かまどの上にかかっていた豚の足。煙にいぶされて食べごろになる右の写真の豚とは無関係

裏庭に家に飼われていた豚。豚を飼っている家は多い。子供の時市場で買ってきて大きくして、買った値段の10倍で売るという。

2009年10月 7日 (水)

第14号 織物

多くのマヤの女性たちは暇さえあれば織物をしていると言っても過言ではあるまい。道を歩いていても庭先で織物をしている人たちを探すのに苦労はいらない。

マヤの織物は、腰機とよばれる誠に原始的というか簡単な道具で織りだされる。持ち運びも簡単で、先を引っ掛ける場所さえあればどこにでもすることができる。だが道具の簡単さとは裏腹に織りだされる模様は誠に複雑で美しい。

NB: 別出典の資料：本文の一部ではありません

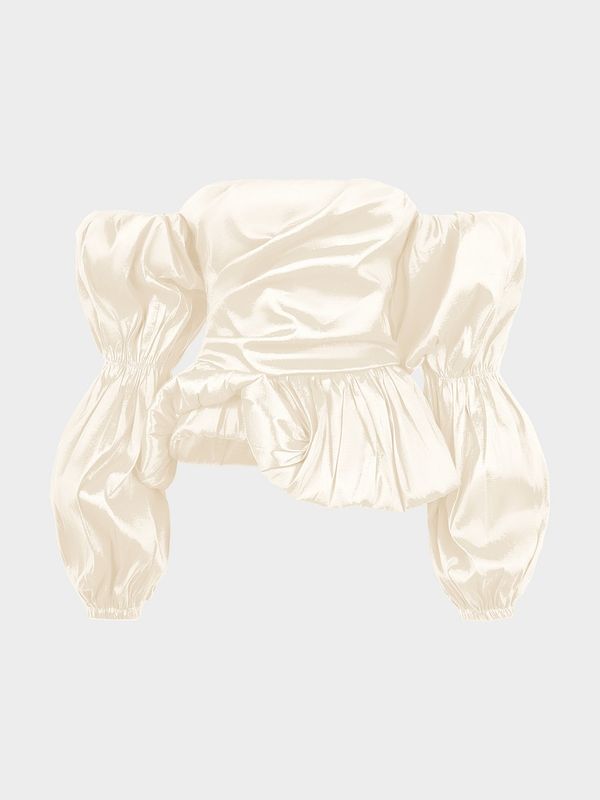 Сатиновый топ с объемными рукавами

織っている様子を間近でじっくり見たのは2番目のホームステイ先だった。織るというよりも、経糸の間に糸を通して模様を作り上げていくその糸通し作業にとにかく時間がかかる。気が遠くなるほどの作業だ。模様はすべて頭に入っているらしく、なにを見るでもなく、驚異的な正確さとスピードで織りあげていく。ただただ見とれるばかりだった。

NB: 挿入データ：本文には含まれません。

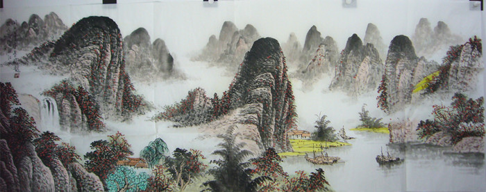 第一字画网的客厅国画作品山水国画,这幅漓江山水画裱完后尺寸近2.2米左右,是一幅清新雅致的国画客厅山水画作品,清新秀雅,布局合理,这幅山水美景视觉效果上佳。如果放在画廊出售,一门人老师此幅六尺国画客厅字画的标价在3000元左右。

見てください。この複雑な織物。この模様作りを何も見ずにたったったーと仕上げていきます。

ホームステイ先の織り手であるマリアは昼間は学校の教師をし、学校が終えてから自由な時間はいつも織物をしている。織った製品は自分の家で使うものを除けば、日曜市で売っているという。その時は女性用の上着のウイピルを織っていた。値段などを聞いてみた。

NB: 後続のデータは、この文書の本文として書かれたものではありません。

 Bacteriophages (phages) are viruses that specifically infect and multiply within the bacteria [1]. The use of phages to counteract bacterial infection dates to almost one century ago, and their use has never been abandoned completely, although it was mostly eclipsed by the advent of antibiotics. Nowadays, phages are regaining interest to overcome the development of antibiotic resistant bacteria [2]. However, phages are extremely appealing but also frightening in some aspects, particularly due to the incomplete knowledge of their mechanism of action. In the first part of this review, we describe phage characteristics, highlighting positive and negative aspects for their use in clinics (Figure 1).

できれば1200ケツァルでは売りたいという。日本円にして18千円ほどだ。出来上がるまでに、1日に3時間程度織物に費やすとして約6カ月から7カ月はかかるという。18千円という値段は、この地方の人々の収入を考えると、決して安い値段ではない。いや、とても高い。

原料費を差し引いて日当いくらになるのか計算してみた。結果、1日当たり約3ケツァル、時間当たり1ケツァル(約15円 2006年当時)ということになった。

この地方の平均収入からしてみれば、1200ケツァルはとても高い値段だが、労働収入面からみると、とてつもなく安い値段となる。

以後、それまでは何の気なく眺めていた織物風景が僕にとっては別の意味合いを帯びてきた。値切る気もしなくなった。